== Task item ==
Exclude the pictures from your copy, and reproduce each entry below verbatim.

Segment Start: Study material

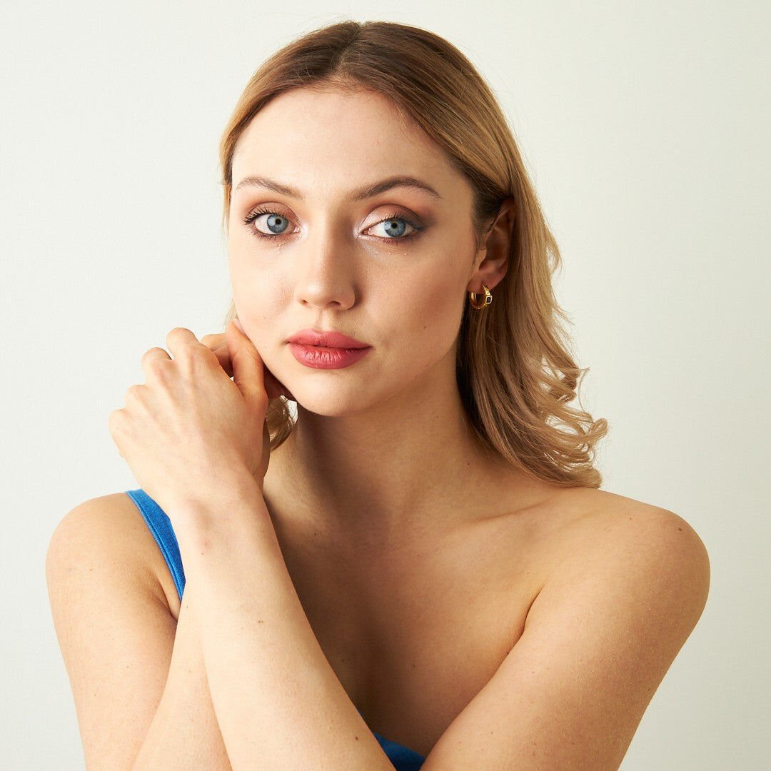 lacivert taşlı çizgili halka küpeler
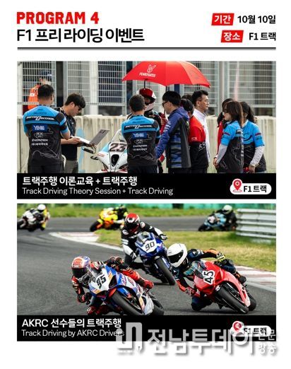 10일에는 일반 바이크 라이더들을 대상으로 전문 선수들의 이론교육이 진행된다. 서킷 주행을 통해 안전한 주행 기술을 습득할 수 있으며, 모터스포츠 저변 확대와 건전한 바이크 문화형성에 긍정적인 영향을 줄 것으로 기대된다.
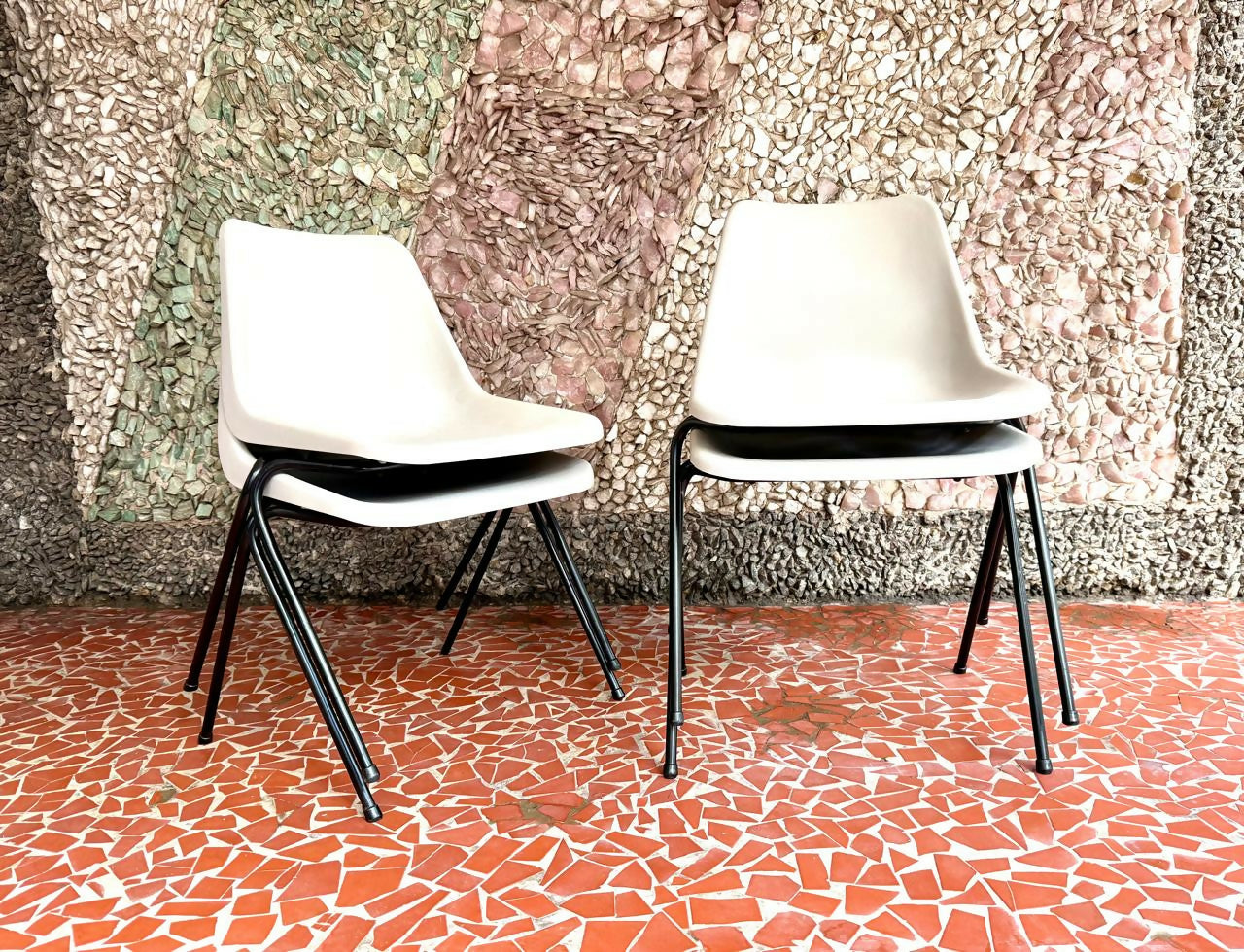 Lindo conjunto de cadeiras empilháveis Robin Day L`atelier, anos 70 modelo Hille.
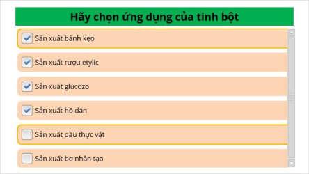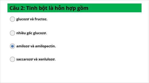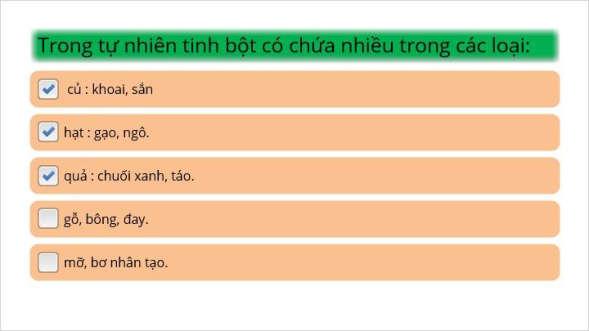 Hoạt động 3. Luyện tập a. Mục tiêu: - HS hệ thống hóa và củng cố lại kiến thức cơ bản về tinh bột. b. tổ chức thực hiện Bước 1. Chuyển giao nhiệm vụ: GV thiết kế 5 câu hỏi trắc nghiệm trên PowerPoint + trong phần mềm storyline 3 để tổ chức cho HS tham gia trả lời Bước 2. Thực hiện nhiệm vụ: HS trả lời nhanh các câu trắc nghiệm trên phần mềm.
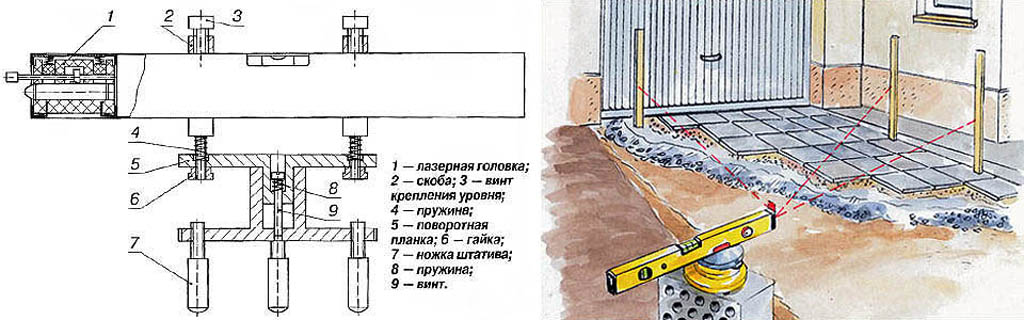 - Прибор самовыравнивающего характера — нивелир, в который входит специальный маятник, который может излучать около пяти лучей. На таком прибор может также быть прицел крестообразного типа.
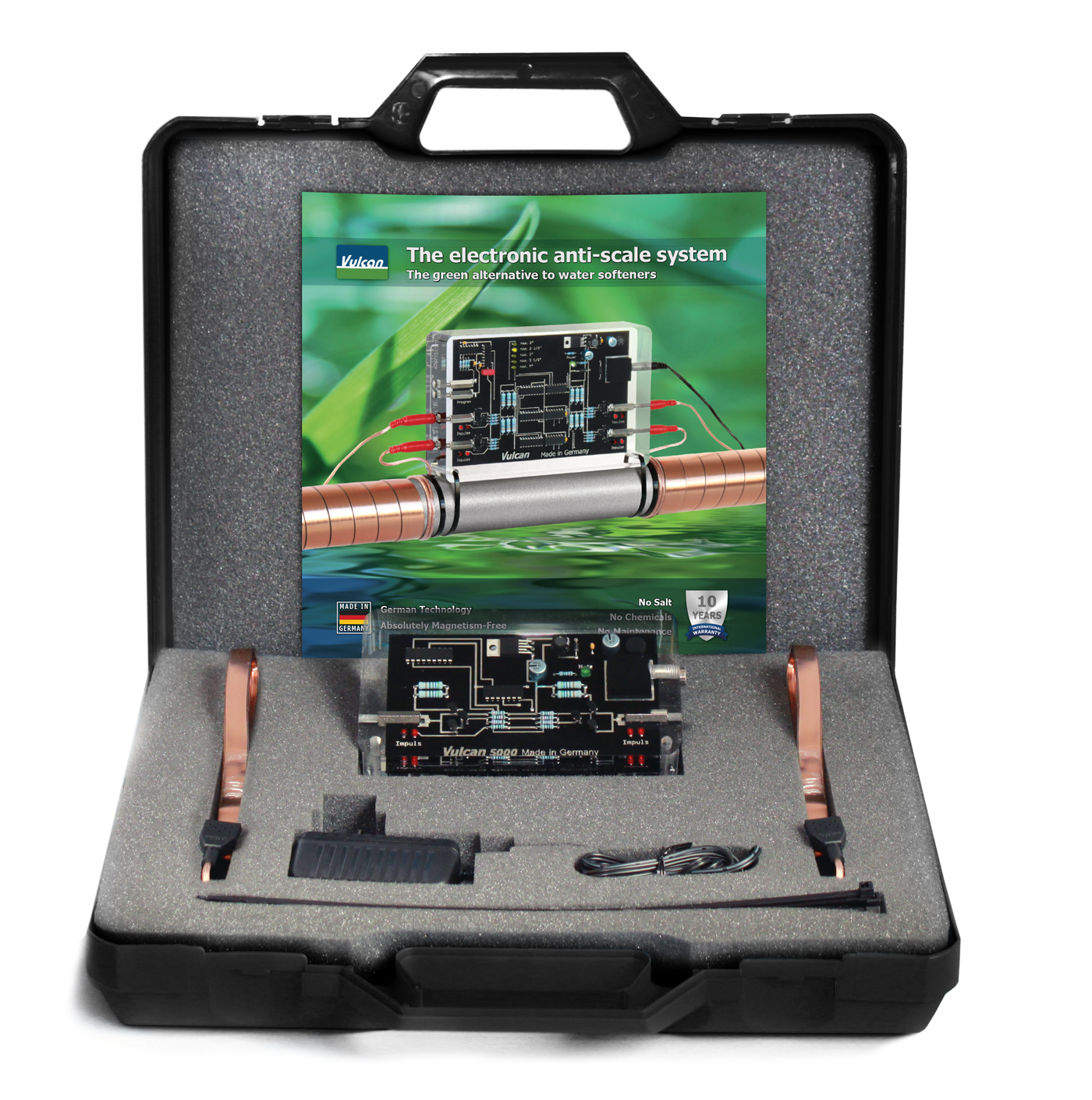 Vulcan is an eco-friendly water treatment system that prevents limescale depositis and rust in your piping system and appliances. The Vulcan-Impulse-Technology is based on the principle of physical water treatment. Special electronic impulses change the crystallization process of the liquid calcium. This way the hard limescale loses its adhesive power. The technology works exclusively with capacitive electric impulses:
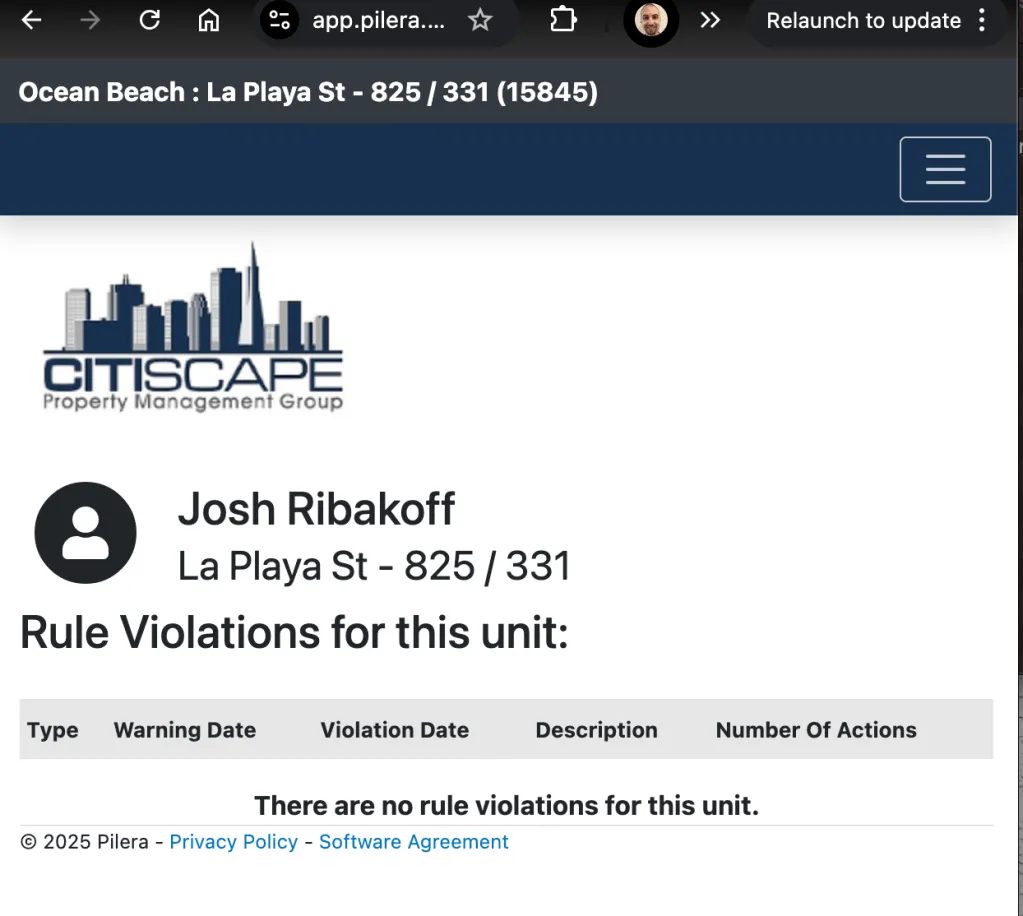 This screenshot taken July 1st, 2025 proves I have never received any Rule violation.
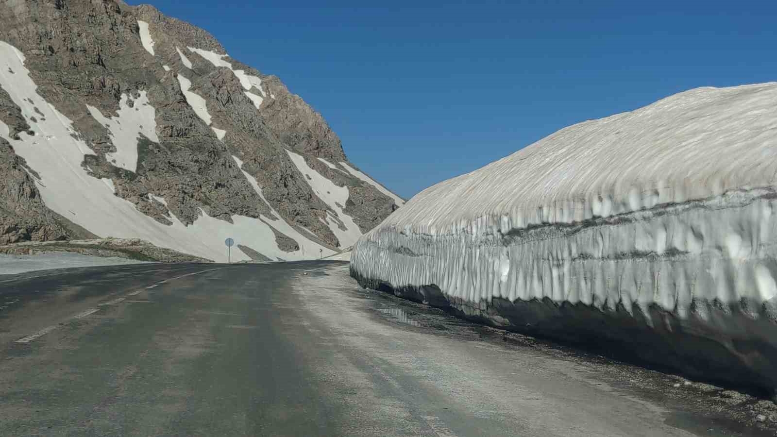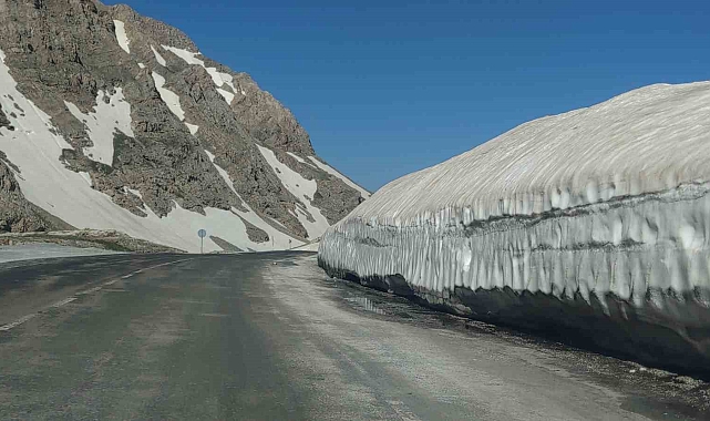 Van'da yaz mevsimi kendini iyiden iyiye hissettirirken, Van-Bahçesaray karayolu üzerindeki 3 bin rakımlı Karabet Geçidi'nde ise insan boyunu aşan kar kütleleri kış manzarası oluşturuyor.
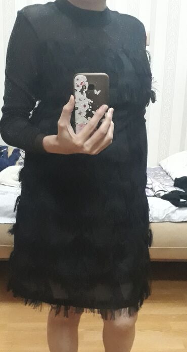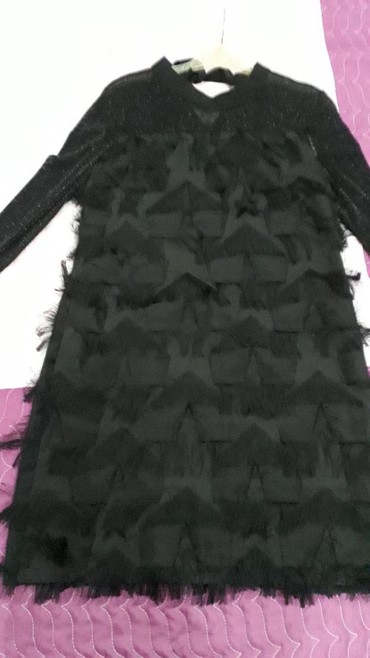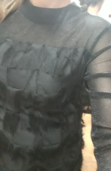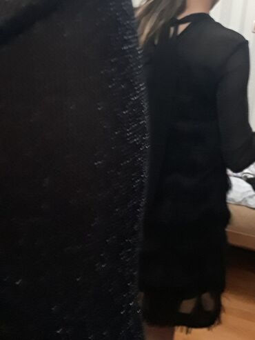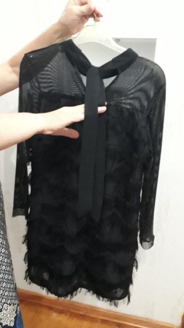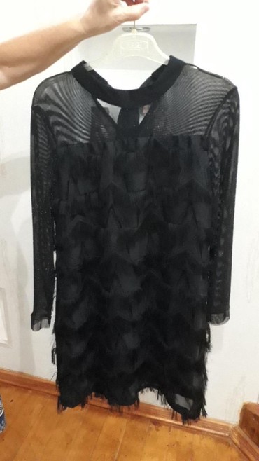 Qara zərif qadın donu - Rəng: qara - Model: qolsuz, beldən aşağısı qat-qat ətəkli - Material detalları: ətək hissəsində zolaqlı krujeva və şəffaf lent əlavələri; üst hissə hamar parça - Siluet: be...
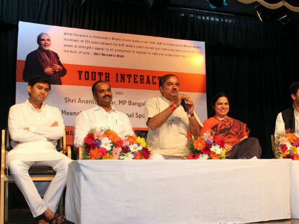 ಮಂಗಳವಾರ ಭಾರತೀಯ ವಿದ್ಯಾಭವನದಲ್ಲಿ ಯೂತ್ ಫಾರ್ ಡೆಮಾಕ್ರಸಿ ಸಂಸ್ಥೆ ಆಯೋಜಿಸಿದ್ದ ಕಾಲೇಜು ವಿದ್ಯಾರ್ಥಿಗಳ ಜತೆಗಿನ ಸಂವಾದ ಕಾರ್ಯಕ್ರಮದಲ್ಲಿ ಅವರು ಮಾತನಾಡುತ್ತಿದ್ದರು. ಬಿಜೆಪಿ ರಾಷ್ಟ್ರೀಯ ವಕ್ತಾರೆ ಮೀನಾಕ್ಷಿ ಲೇಖಿ ಮತ್ತು ಬೆಂಗಳೂರು ಸೆಂಟ್ರಲ್ ಕ್ಷೇತ್ರದ ಬಿಜೆಪಿ ಅಭ್ಯರ್ಥಿ ಪಿ.ಸಿ.ಮೋಹನ್ ಸಹ ಸಂವಾದ ಕಾರ್ಯಕ್ರಮದಲ್ಲಿ ಪಾಲ್ಗೊಂಡಿದ್ದರು.

Segment End: Study material

== Result below ==
 lacivert taşlı çizgili halka küpeler
 10일에는 일반 바이크 라이더들을 대상으로 전문 선수들의 이론교육이 진행된다. 서킷 주행을 통해 안전한 주행 기술을 습득할 수 있으며, 모터스포츠 저변 확대와 건전한 바이크 문화형성에 긍정적인 영향을 줄 것으로 기대된다.
 Lindo conjunto de cadeiras empilháveis Robin Day L`atelier, anos 70 modelo Hille.
 Hoạt động 3. Luyện tập a. Mục tiêu: - HS hệ thống hóa và củng cố lại kiến thức cơ bản về tinh bột. b. tổ chức thực hiện Bước 1. Chuyển giao nhiệm vụ: GV thiết kế 5 câu hỏi trắc nghiệm trên PowerPoint + trong phần mềm storyline 3 để tổ chức cho HS tham gia trả lời Bước 2. Thực hiện nhiệm vụ: HS trả lời nhanh các câu trắc nghiệm trên phần mềm.
 - Прибор самовыравнивающего характера — нивелир, в который входит специальный маятник, который может излучать около пяти лучей. На таком прибор может также быть прицел крестообразного типа.
 Vulcan is an eco-friendly water treatment system that prevents limescale depositis and rust in your piping system and appliances. The Vulcan-Impulse-Technology is based on the principle of physical water treatment. Special electronic impulses change the crystallization process of the liquid calcium. This way the hard limescale loses its adhesive power. The technology works exclusively with capacitive electric impulses:
 This screenshot taken July 1st, 2025 proves I have never received any Rule violation.
 Van'da yaz mevsimi kendini iyiden iyiye hissettirirken, Van-Bahçesaray karayolu üzerindeki 3 bin rakımlı Karabet Geçidi'nde ise insan boyunu aşan kar kütleleri kış manzarası oluşturuyor.
 Qara zərif qadın donu - Rəng: qara - Model: qolsuz, beldən aşağısı qat-qat ətəkli - Material detalları: ətək hissəsində zolaqlı krujeva və şəffaf lent əlavələri; üst hissə hamar parça - Siluet: be...
 ಮಂಗಳವಾರ ಭಾರತೀಯ ವಿದ್ಯಾಭವನದಲ್ಲಿ ಯೂತ್ ಫಾರ್ ಡೆಮಾಕ್ರಸಿ ಸಂಸ್ಥೆ ಆಯೋಜಿಸಿದ್ದ ಕಾಲೇಜು ವಿದ್ಯಾರ್ಥಿಗಳ ಜತೆಗಿನ ಸಂವಾದ ಕಾರ್ಯಕ್ರಮದಲ್ಲಿ ಅವರು ಮಾತನಾಡುತ್ತಿದ್ದರು. ಬಿಜೆಪಿ ರಾಷ್ಟ್ರೀಯ ವಕ್ತಾರೆ ಮೀನಾಕ್ಷಿ ಲೇಖಿ ಮತ್ತು ಬೆಂಗಳೂರು ಸೆಂಟ್ರಲ್ ಕ್ಷೇತ್ರದ ಬಿಜೆಪಿ ಅಭ್ಯರ್ಥಿ ಪಿ.ಸಿ.ಮೋಹನ್ ಸಹ ಸಂವಾದ ಕಾರ್ಯಕ್ರಮದಲ್ಲಿ ಪಾಲ್ಗೊಂಡಿದ್ದರು.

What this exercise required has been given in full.